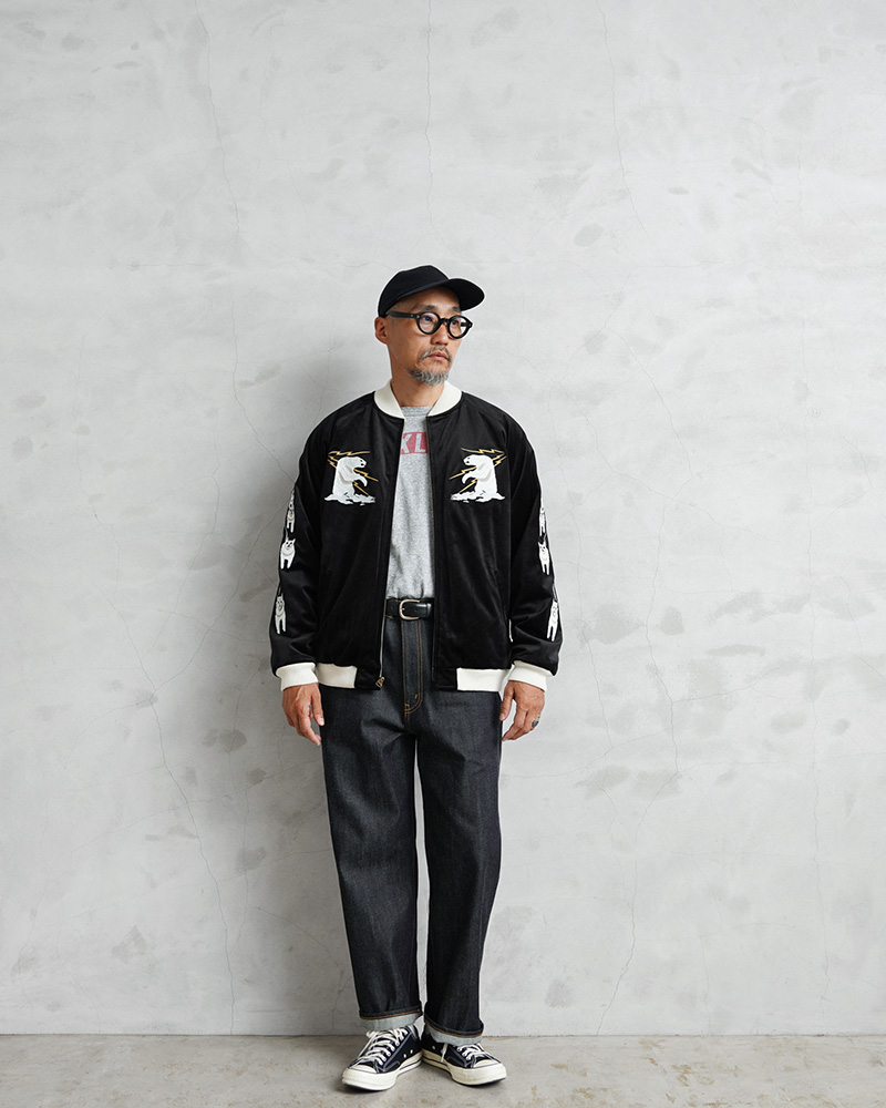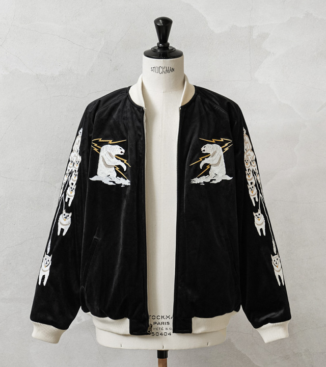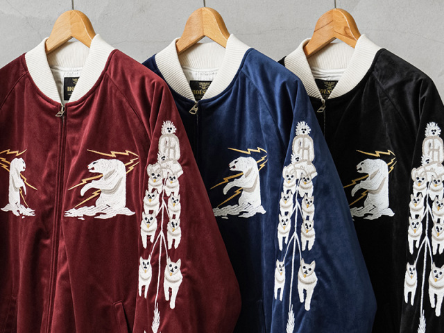 HOUSTONから、ヴィンテージな雰囲気と高級感のあるベッチン(別珍)のスーベニアジャケットが登場しました。「お土産・記念品」を意味するスーベニア。 第二次世界大戦後、横須賀市周辺に駐留したアメリカ軍兵士達が記念品として鷲や虎などのオリエンタルな柄、または自分の所属していた部隊のエンブレムをデザインした刺繍を現地のテーラーショップなどにオーダーしたのがはじまりだと言われています。光沢があり思わず触りたくなるような毛羽感のある別珍素材を使用。中綿を入れることて防寒性を高めており、程よいボリューム感と高級感のある仕上がりになっています。
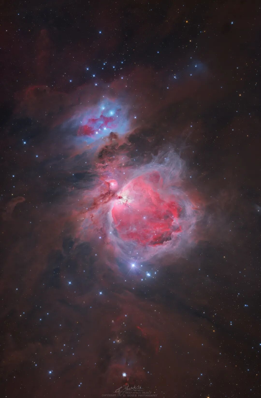 猎户座是冬季星空中最为壮观的星座,由于她亮度很大,也是冬季最好观测的深空天体之一。编号M42的猎户座大星云,是一个发射星云,它位于猎户座“宝剑”的中间。整个猎户座大星云的质量约是太阳的十万倍。这里是一个著名的恒星诞生区域,星云中很多的“球状体”就是正在形成的原恒星。
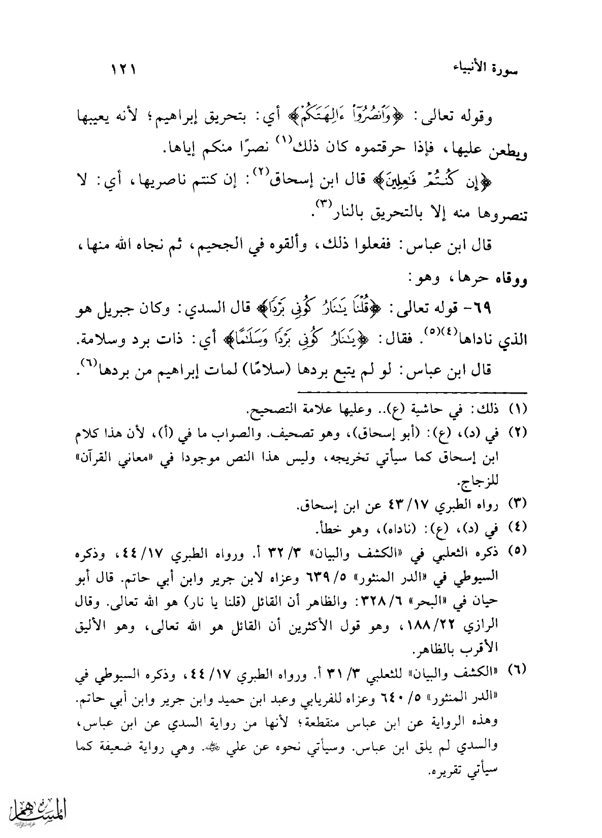 (¬5) ذكره الثعلبي في "الكشف والبيان" 3/ 32 أ. ورواه الطبري 17/ 44، وذكره السيوطي في "الدر المنثور" 5/ 639 وعزاه لابن جرير وابن أبي حاتم. قال أبو حيان في "البحر" 6/ 328: والظاهر أن القائل (قلنا يا نار) هو الله تعالى. وقال الرازي 22/ 188، وهو قول الأكثرين أن القائل هو الله تعالى، وهو الأليق الأقرب بالظاهر.
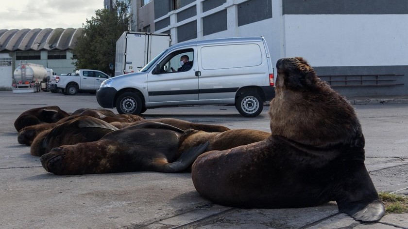 Ante la falta de turistas por la pandemia del coronavirus y las medidas de cuarentena tomadas por el gobierno de Argentina, los lobos marinos de Mar del Plata pueden moverse plácidamente en las calles adyacentes de un puerto de la ciudad.

» What the task asks
Reproduce the entire listing exactly, but omit any pictures.

» Answer
 HOUSTONから、ヴィンテージな雰囲気と高級感のあるベッチン(別珍)のスーベニアジャケットが登場しました。「お土産・記念品」を意味するスーベニア。 第二次世界大戦後、横須賀市周辺に駐留したアメリカ軍兵士達が記念品として鷲や虎などのオリエンタルな柄、または自分の所属していた部隊のエンブレムをデザインした刺繍を現地のテーラーショップなどにオーダーしたのがはじまりだと言われています。光沢があり思わず触りたくなるような毛羽感のある別珍素材を使用。中綿を入れることて防寒性を高めており、程よいボリューム感と高級感のある仕上がりになっています。
 猎户座是冬季星空中最为壮观的星座,由于她亮度很大,也是冬季最好观测的深空天体之一。编号M42的猎户座大星云,是一个发射星云,它位于猎户座“宝剑”的中间。整个猎户座大星云的质量约是太阳的十万倍。这里是一个著名的恒星诞生区域,星云中很多的“球状体”就是正在形成的原恒星。
 (¬5) ذكره الثعلبي في "الكشف والبيان" 3/ 32 أ. ورواه الطبري 17/ 44، وذكره السيوطي في "الدر المنثور" 5/ 639 وعزاه لابن جرير وابن أبي حاتم. قال أبو حيان في "البحر" 6/ 328: والظاهر أن القائل (قلنا يا نار) هو الله تعالى. وقال الرازي 22/ 188، وهو قول الأكثرين أن القائل هو الله تعالى، وهو الأليق الأقرب بالظاهر.
 Ante la falta de turistas por la pandemia del coronavirus y las medidas de cuarentena tomadas por el gobierno de Argentina, los lobos marinos de Mar del Plata pueden moverse plácidamente en las calles adyacentes de un puerto de la ciudad.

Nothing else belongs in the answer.